Fischer L, Kimose H H, Spjeldnaes N, Wara P
Department of Surgical Gastroenterology, Arhus Municipal Hospital, Denmark.
Acta Chir Scand. 1990 Nov-Dec;156(11-12):801-5.
Sixty-five patients with late radiation-induced proctitis who presented after a median latency of 13 months (range 6 months to 43 years) were studied retrospectively. As a result of progression new colorectal injuries had occurred in 53 patients (82%): stricture (n = 33), fistula (n = 19) and perforation (n = 1). Fourty-one patients had progression of their lesions to the small bowel or urinary tract. Only seven patients had no progression of their radiation injuries after the initial episode proctitis. Surgery was required in 15 patients with strictures, in 18 patients with fistulas, and in one patient with perforation. Thirty-two patients were managed conservatively. Fifteen patients died, given an overall radiation induced mortality of 23%. Factors significantly influencing mortality were coexisting injuries of the small bowel or urinary tract. Age, stage of primary malignant disease, and previous laparotomy did not influence outcome. After a median observation period of 11 years, 35 patients were alive, of whom 18 (51%) had a fair outcome; 12 continued to have slight or moderate symptoms (34%) and five disabling symptoms (14%). Ten patients had died from unrelated causes, and five from recurrent cancer. Because radiation-induced proctitis is likely progresses, it can not be characterised as a harmless manifestation of late radiation injuries.

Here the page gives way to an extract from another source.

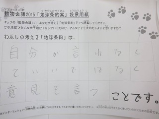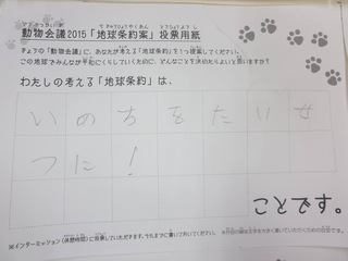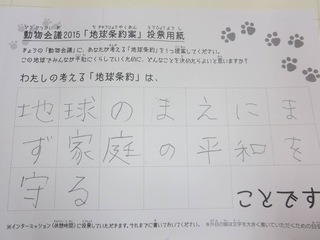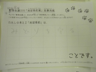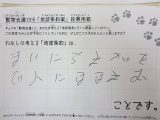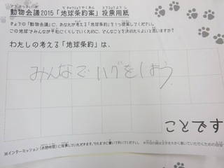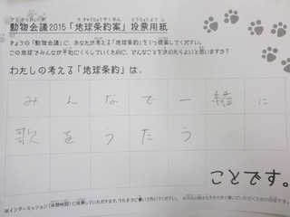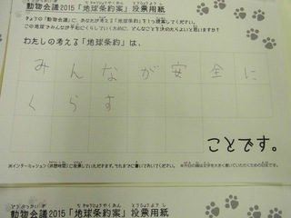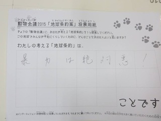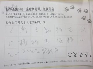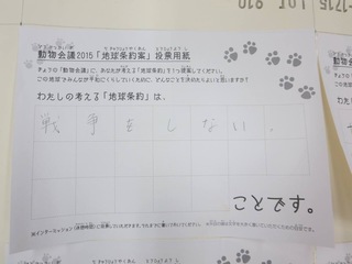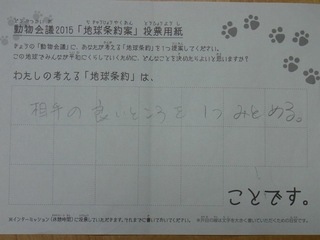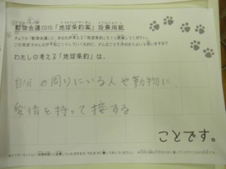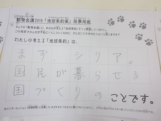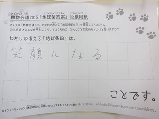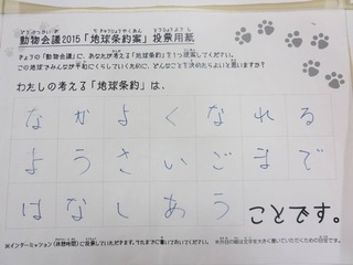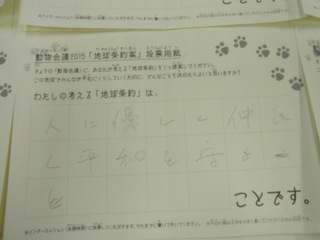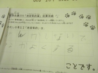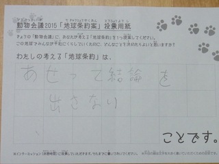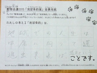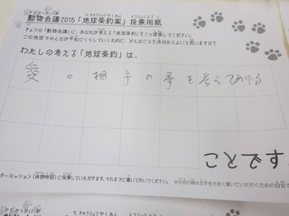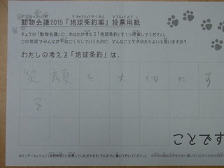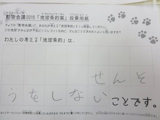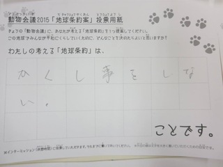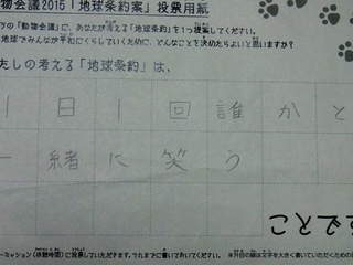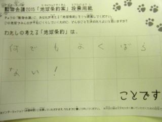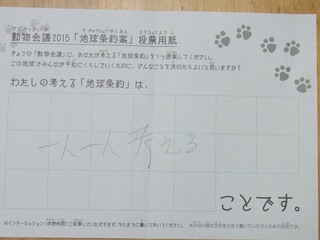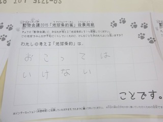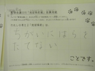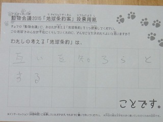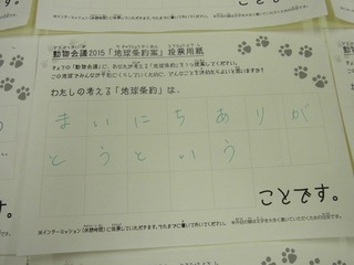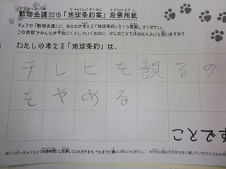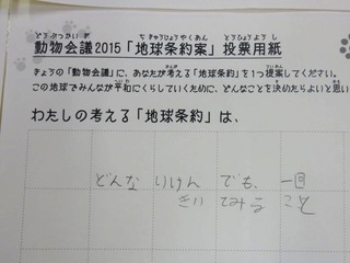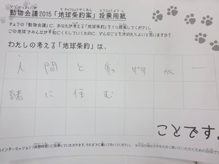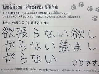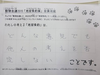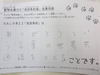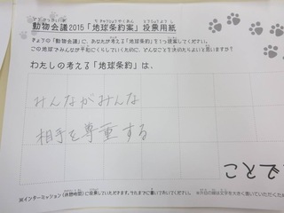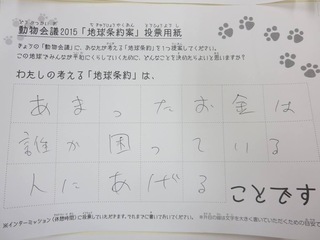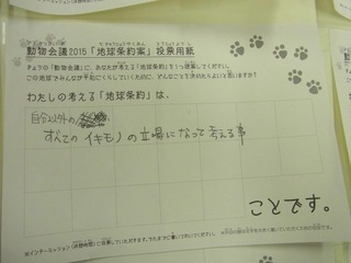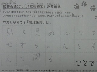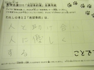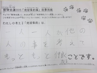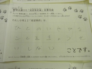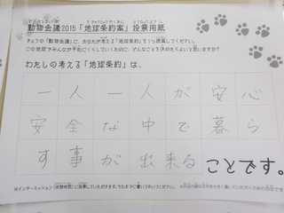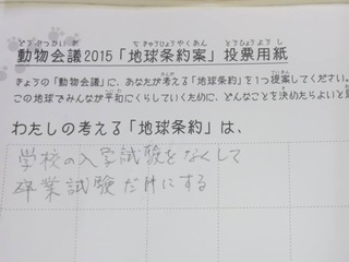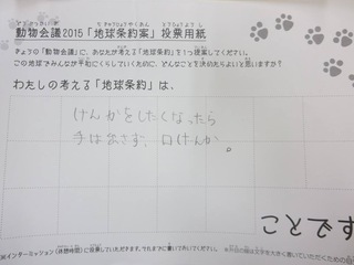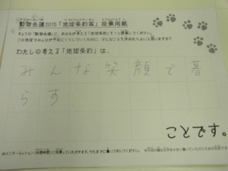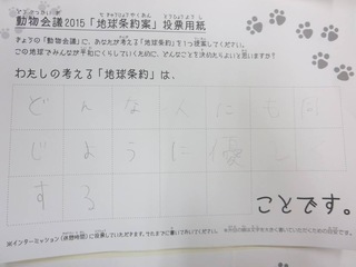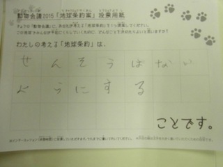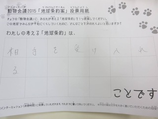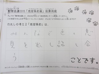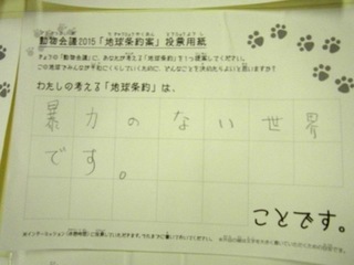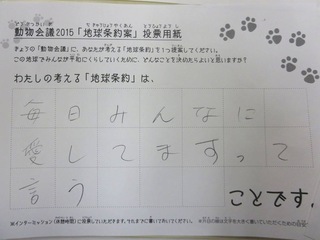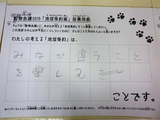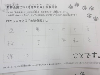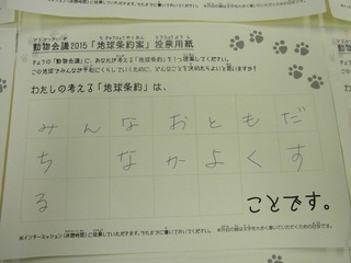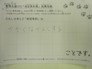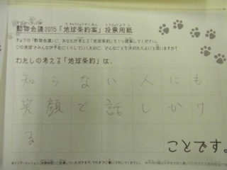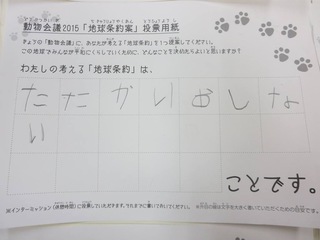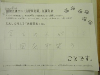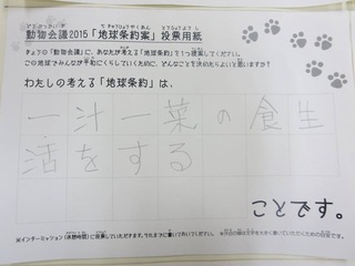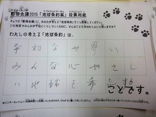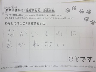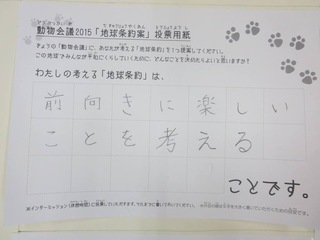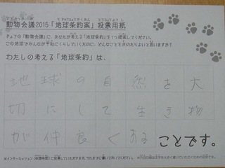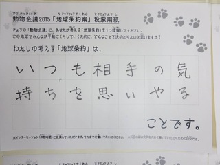 2015年11月、三鷹市芸術文化センター風のホールでの公演に寄せられた地球条約案です。

对65例迟发性放射性直肠炎患者进行了回顾性研究,这些患者在中位潜伏期13个月(范围6个月至43年)后出现症状。由于病情进展,53例患者(82%)出现了新的结直肠损伤:狭窄(n = 33)、瘘管(n = 19)和穿孔(n = 1)。41例患者的病变进展至小肠或泌尿道。仅有7例患者在初次直肠炎发作后放射性损伤未进展。15例狭窄患者、18例瘘管患者和1例穿孔患者需要手术治疗。32例患者接受了保守治疗。15例患者死亡,总体放射性死亡率为23%。显著影响死亡率的因素是并存的小肠或泌尿道损伤。年龄、原发性恶性疾病分期和既往剖腹手术均不影响预后。经过中位11年的观察期,35例患者存活,其中18例(51%)预后良好;12例仍有轻度或中度症状(34%),5例有致残症状(14%)。10例患者死于无关原因,5例死于复发性癌症。由于放射性直肠炎可能会进展,所以不能将其视为放射性迟发性损伤的无害表现。